È trascorso un anno da quando Alessio Ciacci è diventato il Commissario liquidatore di Messinambiente. Dodici mesi che impongono una prima analisi, una relazione in cui Ciacci ha raccontato la propria esperienza. «Il 19 Marzo 2014 assumevo la guida di Messinambiente SpA, l’azienda pubblica che gestisce il servizio di igiene urbana per i Comuni di Messina e Taormina. I servizi erano gestiti quasi esclusivamente in emergenza che sulle strade cittadine si ripeteva a cadenza mensile, l’organizzazione aziendale era poco chiara, il degrado, la scarsa trasparenza, la mancanza assoluta di procedure e regolamenti erano la cornice di una delle ultime città italiane per raccolta differenziata. Perfino sfalci e potature venivano mandati a smaltimento in discarica, e la cosa è preoccupante perché sul territorio c’erano impianti privati disponibili a farne compost, a minor prezzo e sottoutilizzati». Per quanto riguarda il bilancio economico, Ciacci ricorda che «quest’anno, per la prima volta da ormai oltre sei anni, il bilancio sarà approvato nei tempi previsti dalla normativa, circa nel mese di Aprile, senza un ritardo di anni come in passato. L’azienda ha riattivato il sistema di contabilità analitica industriale che purtroppo era stato da anni dismesso ed ha migliorato la contabilità ed il sistema di gestione dotandosi di tecnologie moderne per collegare l’analisi dei costi del servizio con l’operatività dei mezzi durante il loro lavoro».
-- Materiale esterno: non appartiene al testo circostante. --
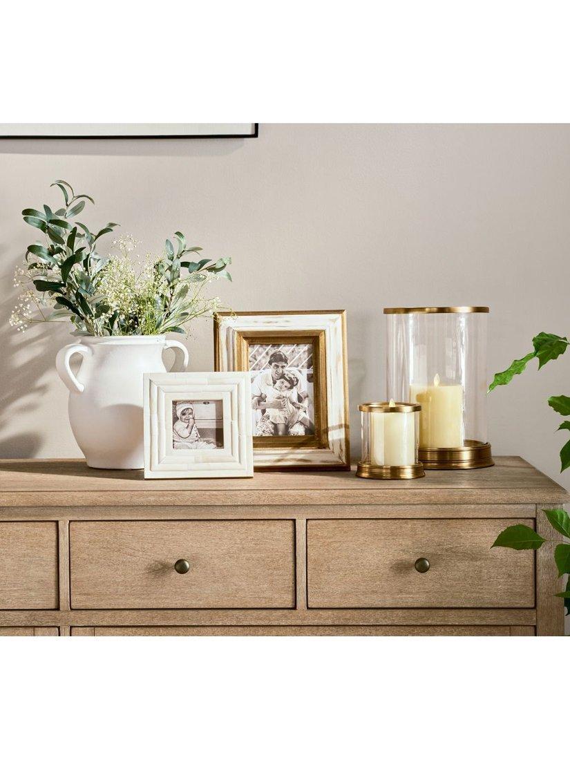 With a nod to art deco elegance, these hurricanes combine clean lines and fine metal accents. We love the way they reflect the flickering light, adding a glamorous glow. Arrange in a candlescape with other metal votives or tapers.
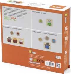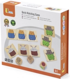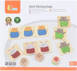 Gyors párosító fa játék a VIGA márkától – családi társasjáték, amely fejleszti a megfigyelést, a logikát és a memóriát. A játékosok 1–3 dobókockával dobnak, és megkeresik a megfelelő állatkát a hozzá illő pólómintával és színnel. Minőségi fából készül, nem mérgező festékekkel színezve – biztonságos a gyermekek számára.
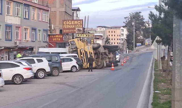 Diyarbakır'ın Silvan ilçesinde seyir halindeki saman yüklü tır, devrilerek park halindeki 7 araca çarptı.
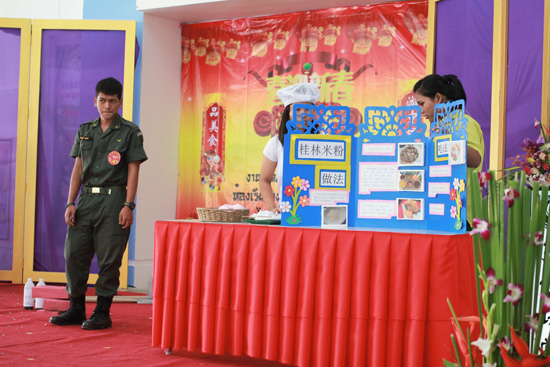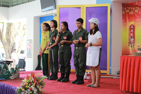 其中,“春节,我们去哪儿”中国美食美景介绍和“汉语小导游服务站”展览是在2013年7月的“汉语小导游培训班”基础上创新设计的,参加本次大赛的有来自洛坤府农业职业技术学校和育婷文隆学校,加上普吉当地各中学共九组学生为大家介绍了贵州黄果树大瀑布、广西桂林、四川乐山、内蒙古大草原、福建客家土楼等旅游景点和老干妈、辣子鸡、桂林米粉、四川火锅、龟苓膏、马奶酒等中国美食;美食美景介绍环节,学生们多采用了喜剧表演的形式,表演精彩纷呈引得在座的嘉宾和师生们欢笑满堂,真正说得上是开心过大年!最后,来自普吉中学的《武陵外传》和《贵州大瀑布》获得了比赛的第一名,来自洛坤府育婷文隆学校的《广西桂林》落得第二名。来自宋卡王子大学大学普吉孔子学院的黄蓉老师和素叻府农昌中学的杜若溪、廖慧敏老师担任了本次比赛的评委,他们表示本次中国美食美景介绍比赛的形式独特,学生们独具匠心的设计和表现让人印象深刻,同时通过话剧和展览的形式也让大家看到了泰西南地区中学与职业学校汉语教学的新发展和学生们汉语表达能力的提高。
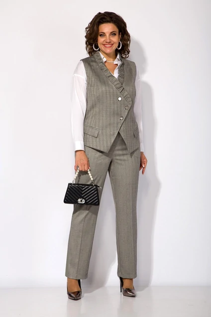 Безумно красивый и стильный костюм, состоящий из жилетки и прямых классических брюк. Эффектная акцентная ткань на жилете придает неповторимость образу. Жилетка полуприлегающего силуэта с эффектным v-образным вырезом горловины. Застежка на петли и пуговицы с фигурным низом. По полочке расположены прорезные карманы с клапаном. Спинка с продольными рельефами. Модель на шелковой подкладке в тон изделия. Брюки в комплекте со средней посадкой, прямого классического кроя. Имеются боковые карманы и заутюжены стрелки. Застежка – брючная тесьма молния с обработанным гульфиком. Пояс притачной, в боковых участках вставлена резинка для более комфортного прилегания.

Sui mezzi e sugli impianti, invece, il liquidatore ha precisato che «si è ampliato il parco mezzi di sei camion per la raccolta e due autoarticolati per i trasporti, ampliato il parco cassonetti (molti di questi erano fatiscenti) contando sulla collaborazione di altre aziende pubbliche del settore (come quelle di Lucca e Macerata che ci hanno permesso acquisto a prezzi significativamente più bassi rispetto al mercato (circa 40% in meno). Si è riorganizzata la gestione degli impianti minimizzando gli impatti ambientali, valorizzando adeguatamente i materiali della raccolta differenziata (come ad esempio sulla carta dove abbiamo avuto incassi superiori per oltre 60 mila euro), ponendo attenzione alle normative e alla corretta gestione impiantistica». «La città da quasi un anno non vive più le emergenze che si ripetevano continuamente a cadenza quasi mensile, ma sta cercando di consolidare un aumento costante delle raccolte differenziate, siamo ancora ben lontani dagli obblighi normativi, ma in incoraggiante controtendenza rispetto al passato e al resto della situazione delle altre città siciliane». La finalità è orientare la gestione dell’igiene urbana verso l’obiettivo Rifiuti Zero e per raggiungere questo traguardo si è puntato su sedici punti ben precisi.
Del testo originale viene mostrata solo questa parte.